The following was a post I made on Facebook to "celebrate" one year of sobriety. It is a hollow celebration, for sure, but this statement won't matter at all to anybody except for any person that could need to see it.
It is no secret that music and substance abuse go hand-in-hand; drug use and alcoholism is glorified in our general perception of musicians, and this archetype filters down through every level of player. The conflation of work with hobby makes for ambiguous modalities where you spend a lot of time “at work” in pubs, clubs, or rehearsal rooms, outflanked by people who are able to drink or use drugs.
It is also well-understood that mental illness is over-represented in creative industries, which offer a different path for people who struggle with a “normal” job. “They’re amazing, but you couldn’t imagine them working in a bank,” is a statement I’ve heard levied at a significant number of the most talented people I’ve worked with – and it certainly matches my experience prior to committing to music work full-time.

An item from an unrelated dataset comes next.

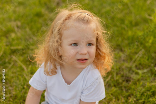 Cute blonde kid with curly hair walks on the lawn with soap bubbles in summer

The conflation of those two negative elements is equally well-codified within our perception of musicians: “the 27 club,” genre-defining musicians who were killed by substance abuse far too soon, and then celebrated for doing so, musicians crushed underfoot by the pressures of their vulnerability, choosing to take their own life, and so on. These are not mutually exclusive, and one element certainly portends to the others - and this horrid list is hardly even exhaustive.
There are people for whom the above will never be an issue, and then there are people for whom the above will only ever be an issue. It is easy to be in the latter group, hoping to assume the strength of the former – but it is easier to reject the game outright. I’m not particularly happy to celebrate one year of sobriety today, but I would rather publicly stand for that in the hopes that some other person at some time would maybe see it and perhaps be empowered to choose life, than, in my silence, allow this already disparate group of survivors, to which I belong, live in that pressured solitude, which crushes underfoot so quickly and easily.
Philip K. Dick ends “A Scanner Darkly” with a sombre eulogy for “some people who were punished entirely too much for what they did.” The dead should, if possible, be used to serve the purposes of the living, and so for me (and for nobody else, as it is my personal choice relating only to myself, with no judgement upon the way anyone else lives, or chooses to live), with a heart full of dead friends and heroes, it seems better to steer clear outright. When the consequences for losing are so severe, it is better to win; it is easy to win, and anybody can win.